The AI sector may face a new wave of copyright disputes, as a new report claims many large language models (LLMs) are trained on copyrighted content from news organisations.
The report comes from the News Media Alliance (NMA), a nonprofit that has more than 2200 publishers as members in the US. The association claims to have looked at sets of training data that are used to train LLMs such as the popular ChatGPT.
In a white paper, the NMA claims that these datasets contain copyrighted content from news, magazine and digital media organisations. The report also claims that some of the most “widely used LLMs” have a preference for publisher content over “generic” content scraped from the internet.
This report also suggests that these AI models “copy and use” copyrighted publisher content when generating outputs. The NMA said the “pervasive copying” infringes copyright law as it is not excused under fair use doctrine.

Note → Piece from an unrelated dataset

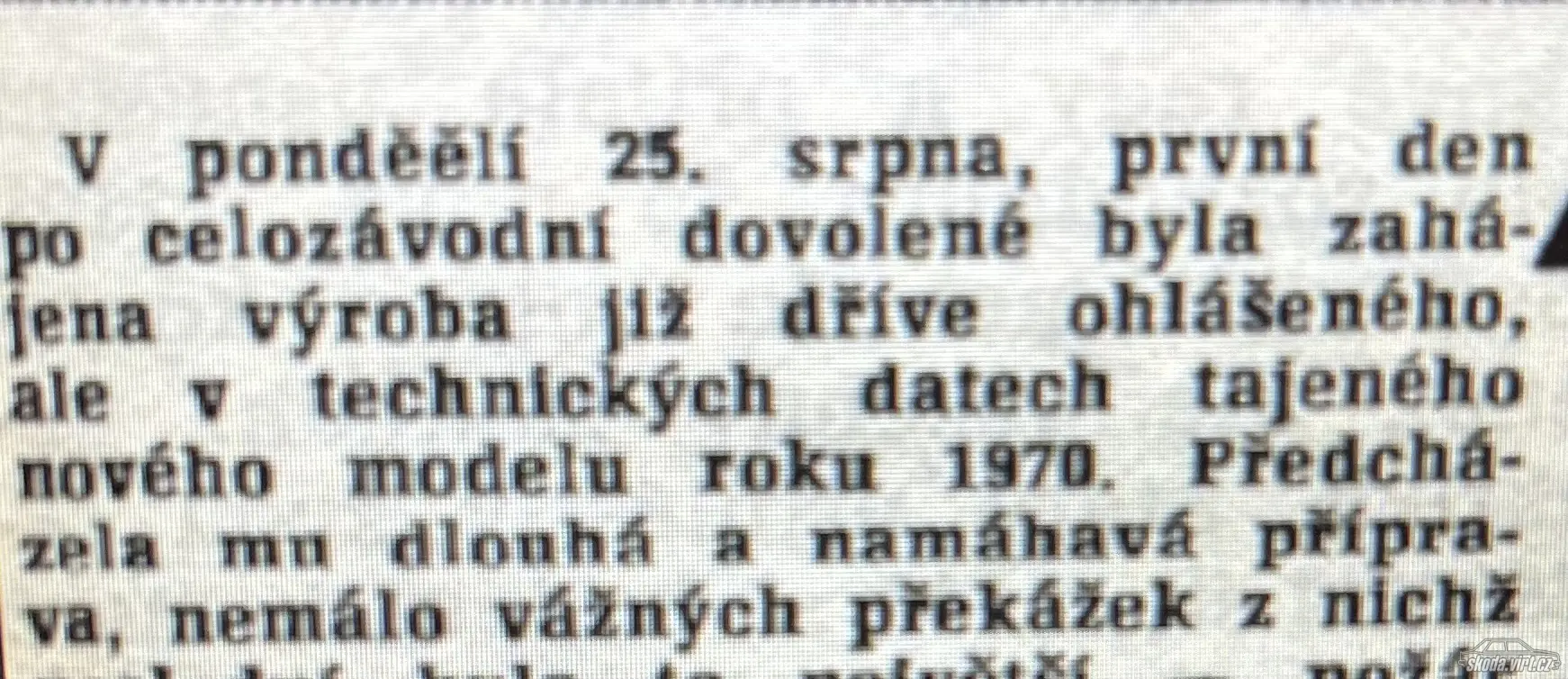 -> Bukaj: Asi by to dohledat šlo, někdy bylo zmiňováno i v celostátním tisku.. ale jednotlivě - třeba u kil jsem si odněkud kdysi uložil, že "výroba bude zahájena po celozávodní dovolené v pondělí 1969-08-25".

“There is no question that creating such models relies on copying – indeed, many rounds of copying – of third-party works, such as the protected expression of our members,” the NMA said in its white paper.
The NMA said generative AI has the potential to benefit society by imitating and copying content “quickly and cheaply”, but argued that these models can only do so because they have been trained on “the fruits of human creativity at massive scale and largely without consent or compensation”.

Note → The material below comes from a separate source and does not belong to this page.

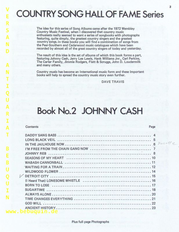 SONGBOOKS.– CASH, Johnny: Country Song. Hall of Fame. London (Southern Music), 1973. 4°. 24 S. mit Noten und Bildern. ill. OKart. gutes Ex. EA.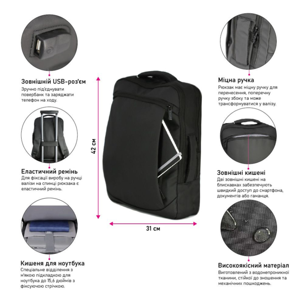 - Прочная ручка для переноски, а также поперечная ручка на боковой панели — рюкзак легко трансформируется в компактный чемодан;

“The works these models can imitate and copy in this way include prize-winning landmarks of culture produced at great cost to news, magazine and digital publishers – and often at great peril to the journalists they employ,” the NMA said.
While the NMA analysed publicly available datasets, a recent report claims leading AI companies are becoming less transparent around their creations. In March, OpenAI faced criticism for keeping various details of GPT-4 private, such as the model’s architecture, hardware and training methods.
The NMA has submitted comments to the US Copyright Office, in relation to a study around the copyright issues raised by generative AI.
Earlier this year, thousands of authors including Margaret Atwood and Jodi Picoult signed a letter calling on the likes of OpenAI, Alphabet and Meta to stop using their work to train AI models without “consent, credit or compensation”.
Meanwhile, the issue of AI-generated artwork remains a contentious issue in terms of copyright law. A copyright infringement case against several prominent AI art generators has developed recently, as the judge dismissed the claims against DeviantArt and Midjourney, but allowed a case against Stability AI to continue.
In August, a US district court judge ruled that artwork generated by AI cannot be copyrighted, arguing that copyright has never been granted to work that was “absent any guiding human hand” and that human beings are an “essential part of a valid copyright claim”.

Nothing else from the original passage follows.